-- SUPPLIED INFORMATION follows --

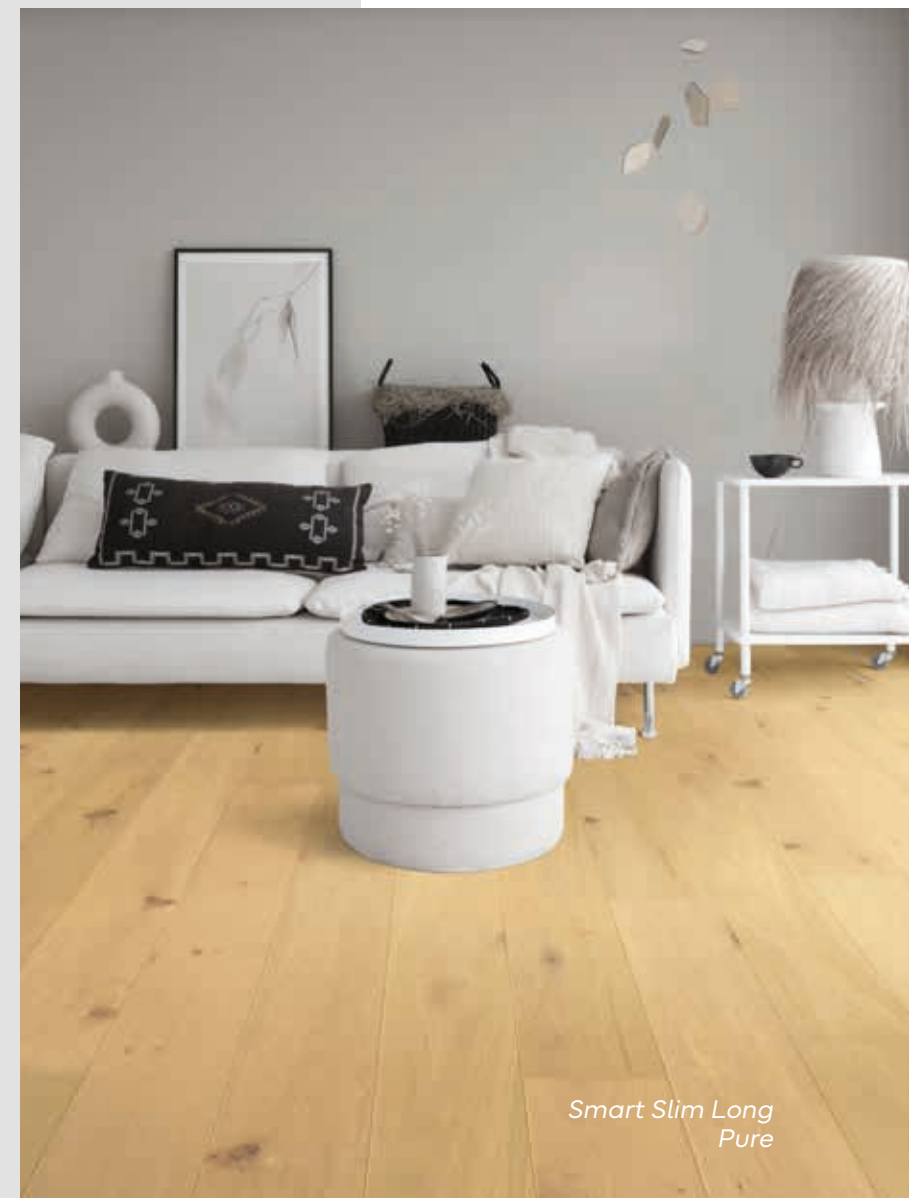
Smart Slim Long Pure

The new 10 mm collection by Unilin that dresses every room. The noble oak layer and the HDF core combine in one product all the elegance and natural beauty of wood with the stability and strength of a truly technological product.
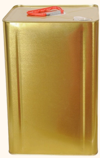
Tin Weight: 25 kg
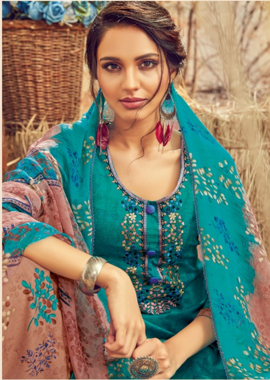
One's attire one wears speaks about her Personality. Indian woman is both traditional and modern. This collection is for her Be very Fashionable.
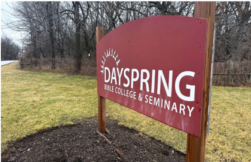
The Dayspring Bible College and Seminary campus on Fairfield Road north of Route 176 near Wauconda is being sold to the Lake County Forest Preserve District for $4 million.

-- SUPPLIED INFORMATION concluded --

EXERCISE BRIEF: Reproduce only the lines running from the beginning of the entries above to the line holding "Tin Weight: 25 kg", inclusive. Pictures stay out of the copy.

ANSWER SECTION:
Smart Slim Long Pure

The new 10 mm collection by Unilin that dresses every room. The noble oak layer and the HDF core combine in one product all the elegance and natural beauty of wood with the stability and strength of a truly technological product.
Tin Weight: 25 kg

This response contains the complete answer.